Adam Frank picture Adam Frank · Dec 26, 2018 · Viewed 9.2k times · Source

I am trying to transmit strings over the iridium network, and the costs of sending data is pretty large. I am wondering if there is a way to compress a large string, for example: {"packet":01,"reporting time":1500, "altitude":6500,"latitude":0,"longitude": 0,"ballast":34,"parachute":0}

into a much smaller string, like: f5fk43d2 . The process must be reversible, so that the data can be decoded and read on the other end. Is this possible, if so, how would I go about doing this.

I have tried this answer by j.w.r: Shortening a string in Java , however it seems irreversible. It does convert a large string into a smaller one.

The process must result in a string smaller than the original.

Any help is appreciated!

Answer

Saleh Mostafa picture Saleh Mostafa · Dec 26, 2018

Consider the mathematics of attempting to convert some X-character string to a Y-character string, such that X > Y (i.e. you're trying to shorten the length of the string).

Then, let's say that the string is alphanumeric; this gives us 26 possible lowercase letters, 26 possible uppercase letters, and 10 possible numbers that we can use (i.e. 62 possibilities).
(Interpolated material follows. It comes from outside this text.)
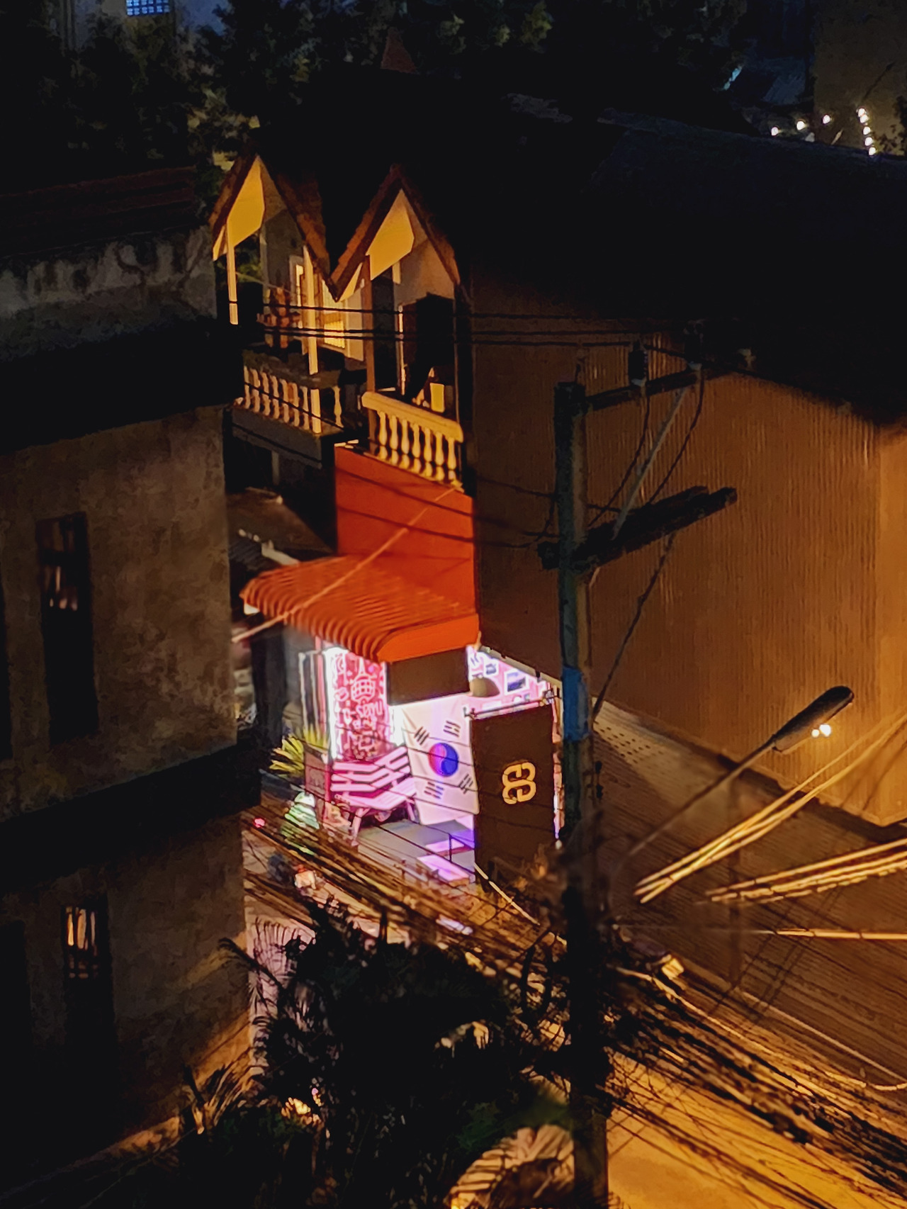 내 방 베란다에서 내려다보이는 한식집. 치앙마이에 한국식당은 꽤 많은데, 이 식당은 한국인이 아닌 태국인이 한다고 들었다. 내 키만 한 커다란 태극기가 매일 화려한 조명을 받으며 펄럭인다. 치앙마이에 태극기부대가 있을 줄이야.ㅎㅎ 태극기 맞은편엔 남산타워가 우뚝 서 있다. 식당 안엔 한국을 보여주는 것으로 추정되는 사진들이 벽을 장식하고 있다. 안을 자세히 들여다보지는 않았다. 귀국하기 전에 한 번 가서 먹어줘야지.

This means that for an X-character string, we would have 62^X possible strings, and for a Y-character string, we would have 62^Y possible strings.

Now, consider if we try to map all of our X-character strings to our Y-character strings. Let's let the function f(S) map a string S (an X-character string) to a Y-character string. Then, because X > Y, we will necessarily have to map some X-character strings to some of the same Y-character strings. Consider the following simple example:

X = 3. Y = 2. Then, we have 62^3 possible 3-character strings (238,000), and 62^2 (3800) possible Y-character strings. Then, we have 234,000 more 3-character strings than 2-character strings.

Now, imagine we tried to have some function f(S) where we tried to make every 3-character string into a 2-character string. Then, we'd naturally have an issue when we tried to convert a 2-character string back into a 3-character string, because this means that f(S) must convert some 3-character strings into the same string (so we couldn't know which one to map back to!). This is because the domain of 2-character strings is less than the domain of 3-character strings (and occurs because f(S) then cannot be injective, meaning there is no valid inverse).

Thus, there aren't enough 2-character strings to possibly map back to every 3-character string, and you'll find that this generalizes to all X > Y.

You could possibly restrict some characters from the domain of your larger strings, though exactly as you have stated the problem, this is not possible.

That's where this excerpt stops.